Ulaşılabilir biri oldu. Fransa’yı temsil eden biri olarak Fransa ile ilgili maruzatı olan insanlara bizzat yardım etmekten, onları görüşme taleplerini kabul etmekten kaçınmadı. Bir Türkiye Cumhuriyeti vatandaşının bir Başkonsolosa ulaşabilmesi hiçbir zaman bu kadar kolay olmamıştı. Konuştuğu kişilere güven veren, karşısındakini rahatlatan bir üslubu oldu hep.Tüm bu özellikler, Başkonsolosluk düzeyinde bir mevkide her zaman ve kolaylıkla görülebilen özellikler değil.
Türkiye – Fransa belki de tarihin en zorlu döneminden geçiyor olsa bile, Bertarnd Buchwalter Fransız centilmenliği ile Türk misafirperverliği ve nezaketini aynı potada eritmiş olan kişiliği ile Türk yetkililer ve Türk otoriteleriyle hep saygılı ve yapıcı ilişkiler kurdu.

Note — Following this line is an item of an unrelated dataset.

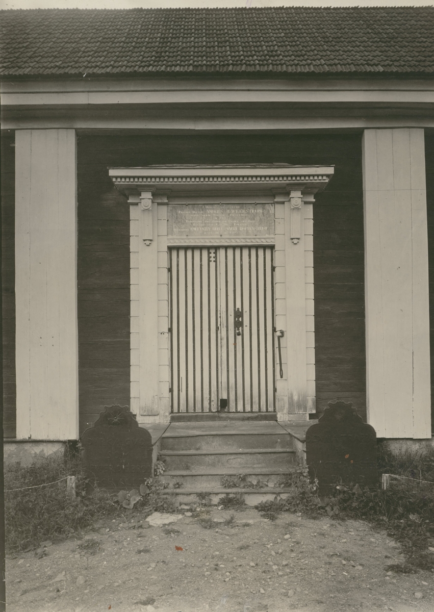 Porten med minnestavla till Ljungbyholms sockenmagasin.

Ders verici olmaktan hep kaçındı.
Herşeyden önemlisi yüksek mevkilerde olmanın sevecen ve mütevazı olmaya engel olmadığını gösterdi. İnsanlara karşı kibar ve nazik olmanın zayıflık değil Fransa’nın esas diplomatik gücü olduğunu gösterdi.
Kuşkusuz kendisi çok başarılı bir profesyonel, Fransız Dışişleri Bakanlığı’nda İstanbul’dan sonra da çok başarılı işlere imza atacak. Türkiye ve kendisini tanımış olan Türkler onu çok özleyecek.
Güle güle Sayın Buchwalter, yolunuz açık olsun.